Records contained in a dataset
#####
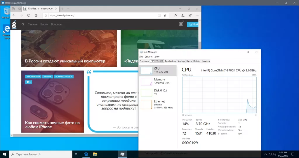В Windows 10 1903 появилась удобная Песочница. Что это такое? По своей сути это — виртуальная машина, которая работает на той же версии Windows, что и установлена на вашем ПК. Она не требует никаких сторонних утилит для работы и включается за пару минут. Зачем она нужна? Вы можете проверять на ней то, что не рискнули бы запускать на рабочей системе: различные приложения, сомнительные файлы и так далее. Да и по сути с ней можно делать все тоже самое, что и с любой другой виртуальной машиной с Windows 10.
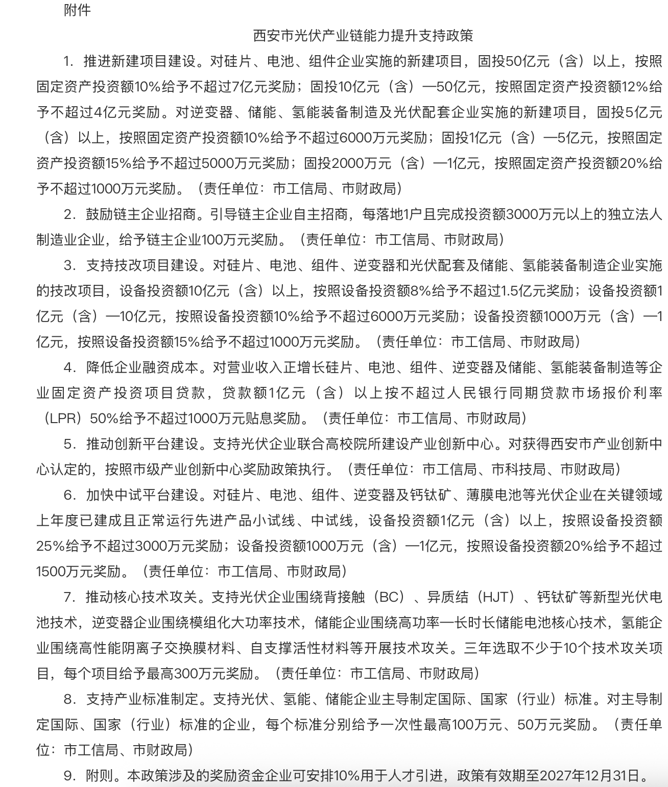 (圖片來源:《西安市支持光伏產(chǎn)業(yè)鏈能力提升實施方案(2025—2027年)》)
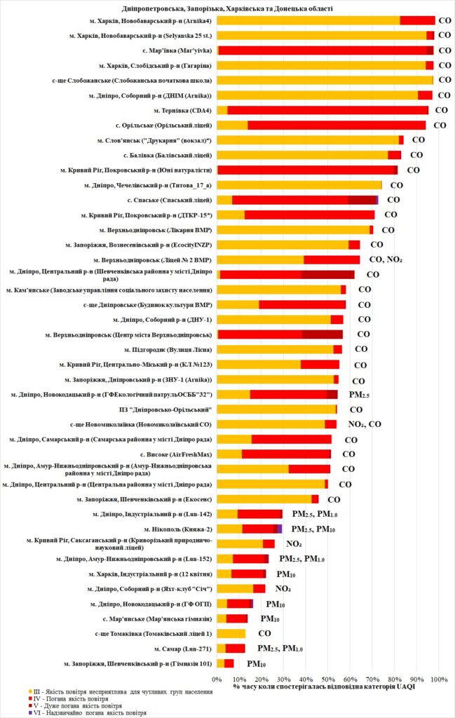 З усіх станцій які досліджувались були відібрані станції на яких спостерігалась несприятлива та погана якість повітря згідно UAQI (категорії якості повітря Ⅲ – Ⅵ). На графіку відображено % часу за місяць коли на станціях спостерігалась несприятлива та погана якість повітря згідно UAQI, а також, показники які найбільше вплинули на якість повітря (беруться показники, кількість значень категорії індексу Ⅲ та гірше яких >50%, якщо такого немає – декілька речовин, але не більше 3-х, які загалом складають > 70% від загальної кількості значень).
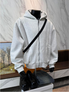 美式复古boxy重磅拉链开衫卫衣男秋冬加厚外套宽松短款连帽衫夹克
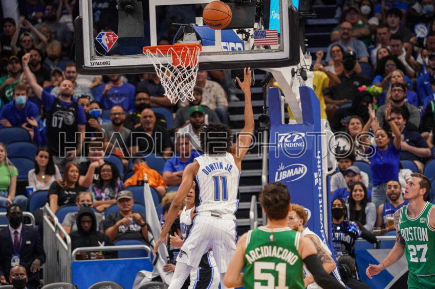 Orlando, Florida, USA, October 13, 2021, Orlando Magic's Jeff Dowtin #11 makes a layup against the Celtics during the second half at the Amway Center. (Photo Credit: Marty Jean-Louis)
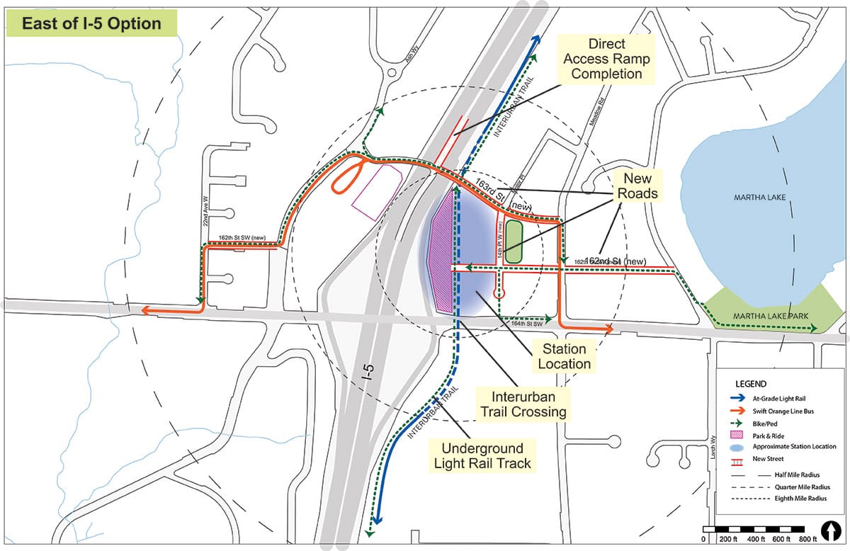 For Ash Way Station, the east of I-5 option offers superior transit-oriented development (TOD) potential and station access, and the park-and-ride screens the station from the freeway. Wedging the station between the parking structure and I-5, as the other option would do, would make for both less TOD and a less pleasant station. No net gain in parking is proposed since 1,019 spaces already exist here. By 2024, the Swift Orange Line will run right by the station site and provide a frequent crosstown connection to it. Both options would route the bus line across a new bridge to bring the rapid service closer and construct a new direct access ramp for local bus service and high occupancy commuters. The Interurban Trail runs along the east side of I-5 and could easily interface with the station in the East of I-5 option providing excellent access for people walking, rolling, and biking.
#####
▸ Task prompt: Above are entries with pictures among them. Write out exactly the lines from the one containing "(圖片來源:《西安市支持光伏" through the one containing "美式复古boxy重磅拉链开衫卫衣男秋冬加厚外套宽松短款连帽衫夹克", ends included, and leave those pictures out.

▸ Finished task:
 (圖片來源:《西安市支持光伏產(chǎn)業(yè)鏈能力提升實施方案(2025—2027年)》)
 З усіх станцій які досліджувались були відібрані станції на яких спостерігалась несприятлива та погана якість повітря згідно UAQI (категорії якості повітря Ⅲ – Ⅵ). На графіку відображено % часу за місяць коли на станціях спостерігалась несприятлива та погана якість повітря згідно UAQI, а також, показники які найбільше вплинули на якість повітря (беруться показники, кількість значень категорії індексу Ⅲ та гірше яких >50%, якщо такого немає – декілька речовин, але не більше 3-х, які загалом складають > 70% від загальної кількості значень).
 美式复古boxy重磅拉链开衫卫衣男秋冬加厚外套宽松短款连帽衫夹克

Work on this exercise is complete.